The recent announcement by the states of California, Colorado and Connecticut that they are working together to carry out a joint investigative sweep has raised eyebrows across the privacy world. Last week, California Attorney General Rob Bonta, the California Privacy Protection Agency (CPPA), and the attorneys general of Colorado and Connecticut announced that they are working together to investigate businesses that refuse to honor consumers’ right to opt out of the sale or sharing of their personal data. The sweep aims especially at companies that are not processing opt-out requests made via the Global Privacy Control tool (GPC), even though it is required by law in each of the three states involved.
The GPC is a browser setting or installable extension that allows consumers to automatically opt out of the sale or sharing of their data with third parties. California AG Bonta’s press release makes clear that regulators strongly suspect that many businesses are ignoring these opt outs and thus failing to adhere to the law. As part of the sweep, regulators have already sent letters to companies that appear not to be in compliance, demanding that they come into immediate compliance. The states have not publicly named any of the targets of the sweep as of yet.

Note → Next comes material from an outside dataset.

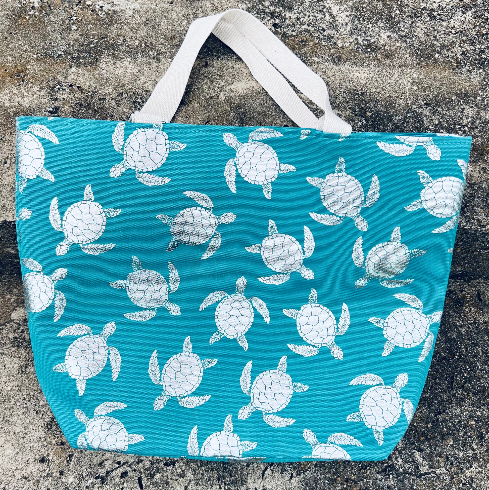 Silver foil turtle tote bag.

California AG Bonta also emphasized that regulators expect businesses to move quickly to align their practices with legal requirements, whether or not they are the businesses that have been notified of their noncompliance explicitly.
As many companies likely already know, California is no stranger to consumer data protections. The state has already secured settlements involving GPC and/or opt-out compliance against Sephora, DoorDash, Healthline, Honda and Todd Snyder, Inc., with the fines cumulatively in the millions of dollars. However, what really stands out in this new sweep is the cross-state cooperation. Colorado and Connecticut have their own privacy laws, which mirror California’s in many ways, including recognizing browser-based opt-out signals like GPC. The coordinated effort sends a strong message that enforcement of these issues is no longer just a California quirk, especially given that 19 other states now have similar consumer data protection laws. Thus, this cross-state cooperation likely is not an anomaly and should be considered the new norm. Going forward, businesses should be aware of the effect this will have on their operations, especially when conducting business in these privacy-focused states.

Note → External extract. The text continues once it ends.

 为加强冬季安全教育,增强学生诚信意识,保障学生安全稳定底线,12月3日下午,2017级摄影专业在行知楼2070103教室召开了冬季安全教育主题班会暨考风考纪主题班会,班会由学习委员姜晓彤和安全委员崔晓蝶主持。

Many businesses assume that having a conspicuous privacy policy or a cookie notice is sufficient. However, even when companies think they are being transparent, data collection often happens before notice is given. Tracking tools may collect personal data the moment someone arrives at the website, so consumers may not have a real opportunity to opt out before collection begins, thus rendering the privacy policy and cookie notice moot. The laws often treat things like device identifiers, IP addresses or user behavior data as personal information, even where companies take efforts to anonymize the data in good faith, making it all the more important that businesses act deliberately to avoid collecting any personal data when the business sells or shares that information and the consumer has elected to opt out via GPC or otherwise.
For many companies, this sweep should serve as a clear warning that compliance with opt outs and consumer data protections have become a paramount legal requirement and enforcement priority across the country, so businesses need to take affirmative steps to process and document consumer requests to opt out of the sale and sharing of their personal information, lest they become the target of enforcement and the subject of a future press release by a consortium of attorneys general.